The L1pre contains therein a parameter necessary to decode the L1post, and a parameter necessary to demodulate the data symbol (and the OFDM symbol of the FC).
That is to say, for example, information on a modulation system (such as the BPSK) for the L1post, and the like are contained as the parameters necessary to decode the L1post in the L1pre. In addition, for example, a pilot pattern (PP) representing the arrangement pattern of the transmission symbols of the pilot signals (SPs), information as to presence or absence of extension of the transmission band with which the OFDM signal is transmitted (Extended carrier mode or Normal carrier mode), information as to the number of OFDM symbols contained in one T2 frame (T2 frame length), and the like are contained as the parameters necessary to demodulate the data symbols in the L1pre.
Here, eight kinds of pilot patterns PP1 to PP8 are determined as the arrangement pattern of the transmission symbols of the SPs in the data symbols in the DVB-T.2. In the data symbols, the transmission symbols of the SPs are arranged in accordance with one of the eight kinds of pilot patterns PP1 to PP8. A pilot pattern as the arrangement pattern of the transmission symbols of the SPs of the data symbols is contained in the L1pre.
The L1post contains therein information necessary for the receiving apparatus to access a Physical Layer Pipe (PLP).
That is to say, information on a modulation system for the PLP, information on a size and a position of the PLP within the T2 frame, and the like are contained as information necessary to access the PLP in the L1post.
When the receiving apparatus detects and decodes the P1 symbol to estimate the G1 length, the receiving apparatus can demodulate the P2 symbols.
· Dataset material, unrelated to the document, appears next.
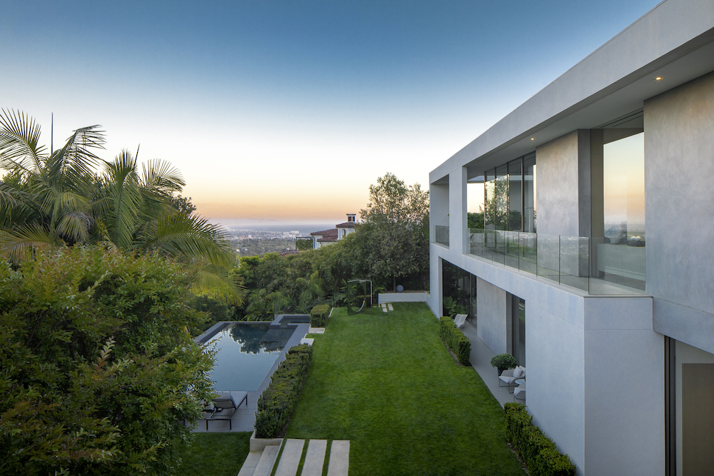 Outdoor spaces — and views toward them — are central to this home. The pool is set amid a verdant lawn. “Past the foyer, large glass openings provide city and ocean views,” describes XTEN president, Monika Haefelfinger. “The façade along the garden side of the house features large glass sliders on two levels, providing for a beautiful vista of the garden and the Pacific Ocean.” Photography by Art Gray.

In addition, when the P2 symbols are demodulated, the L1pre can be decoded. Also, when the L1pre is decoded, the L1post can be decoded. Also, after that, the data symbol (and the OFDM symbol of the FC) can be demodulated.
It is noted that although in FIG. 8, two P2 symbols are arranged in the T2 frame, in the DVB-T.2, the number of P2 symbols arranged in the T2 frame is determined from the size of the FFT of the P2 symbol (and the data symbol).
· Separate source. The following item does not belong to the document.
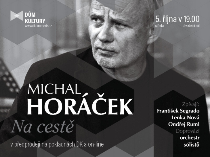 Do kroměřížského Domu kultury přijíždí s výjimečným koncertním projektem "Na cestě" textař, básník a producent Michal Horáček. Autorský recitál ve středu 5. října od 19 hodin v Domě kultury nabídne písně z tvůrčí dílny Hapka & Horáček i ze spolupráce s dalšími hudebníky - „produkty s doživotní zárukou“, které už dávno prověřil čas, rozhlasový éter i zájem posluchačů mnoha generací.

For example, when the FFT size of the P2 symbol is either 32K or 16K, one P2 symbol is arranged in the T2 frame. In addition, for example, when the FFT size of the P2 symbol is 8K, two P2 symbols are arranged in the T2 frame.
FIG. 9 is a diagram showing a structure of the P1 symbol.
The P1 symbol has 1K (=1,024) transmission symbols as effective symbols.
Also, the P1 symbol has the following cyclic structure. That is to say, a signal B1′ which is obtained by frequency-shifting a part B1 on the head side is copied on a preceding side (on a preceding side in terms of time) of the effective symbols. Also, a signal B2′ which is obtained by frequency-shifting a remaining part B2 of the effective symbols is copied on a back side (on a following side in terms of time) of the effective symbols.
As has been described, since the P1 symbol has the cyclic structure, the receiving apparatus carries out an arithmetic operation for the correlation of the OFDM signals, thereby making it possible to detect the P1 symbol.
Also, when the receiving apparatus detects and decodes the P1 symbol, and also estimates a G1 length, the receiving apparatus can demodulate the P2 symbol and also can decode the L1 (consisting of L1pre and L1post).
Therefore, when the receiving apparatus does not demodulate the P2 symbol, the receiving apparatus cannot decode the L1, and also cannot recognize the pilot pattern of the data symbols.
Also, when the receiving apparatus cannot recognize the pilot pattern of the data symbols, the receiving apparatus cannot control the position of the filter center of the interpolation filter 39 by using the data symbols.
From the above, in the receiving apparatus, the control for the position of the filter center (hereinafter referred to as “the filter center position control” as well) of the interpolation filter 39 (refer to FIG. 4) cannot be carried out until the L1 has been decoded to recognize (acquire) the pilot pattern of the data symbols.
Therefore, the receiving apparatus cannot carry out the filter center position control until the L1 has been decoded after the starting of the reception of the OFDM signal.